- THE PROBLEM -
Set each line of the material below down word for word, from the first through the line that holds "運動員入場式上,國旗護衛隊以", but not the pictures.

- INPUT DATA -
►
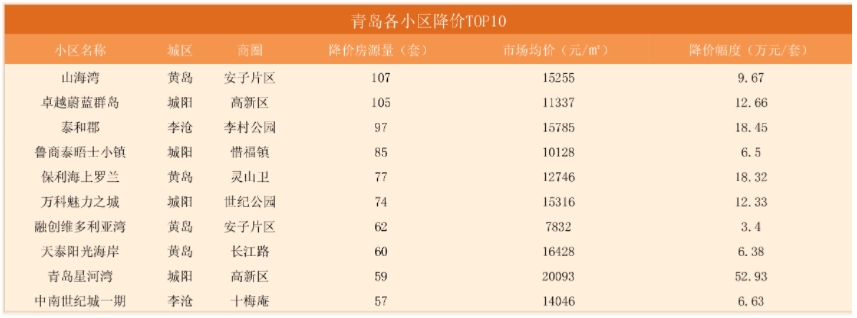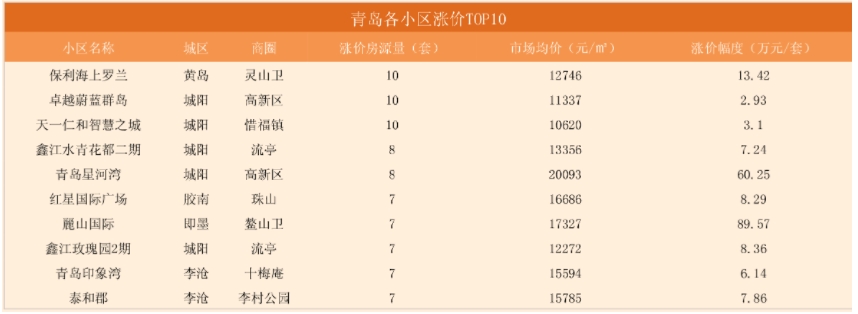 青岛二手房小区涨降价TOP10名单公布,保利海上罗兰小区涨价房源量居首,山海湾降价房源量居首。
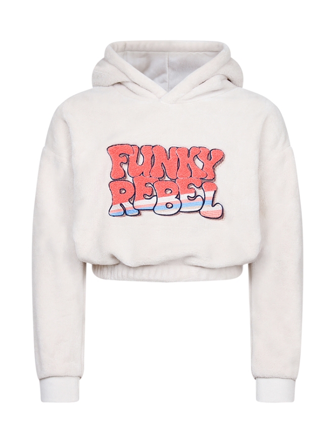 Deze super zachte meisjes trui is een kort model met voorop de tekst Funky rebel. Met capuchon.
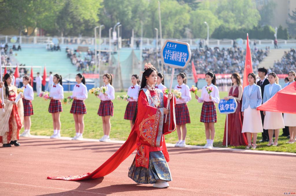 運動員入場式上,國旗護衛隊以及各院(部)方隊,邁著鏗鏘有力的步伐,神采飛揚地走過主席臺,用激情嘹亮的口號和各具特色的表演展現出青大學子激情澎湃、朝氣蓬勃的青春風采。
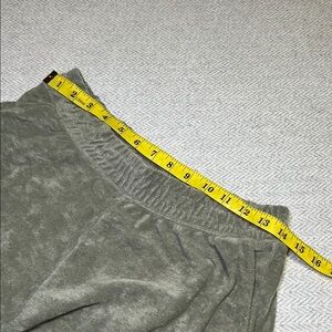 These Divided sage green terry cloth athletic shorts offer a relaxed fit perfect for active days. Crafted from a plush, velour-like material, they provide a soft and comfortable feel. The elastic waistband ensures a secure fit, making them ideal for both workouts and casual wear.
◄
- SOLUTION TO THIS EXERCISE -
 青岛二手房小区涨降价TOP10名单公布,保利海上罗兰小区涨价房源量居首,山海湾降价房源量居首。
 Deze super zachte meisjes trui is een kort model met voorop de tekst Funky rebel. Met capuchon.
 運動員入場式上,國旗護衛隊以及各院(部)方隊,邁著鏗鏘有力的步伐,神采飛揚地走過主席臺,用激情嘹亮的口號和各具特色的表演展現出青大學子激情澎湃、朝氣蓬勃的青春風采。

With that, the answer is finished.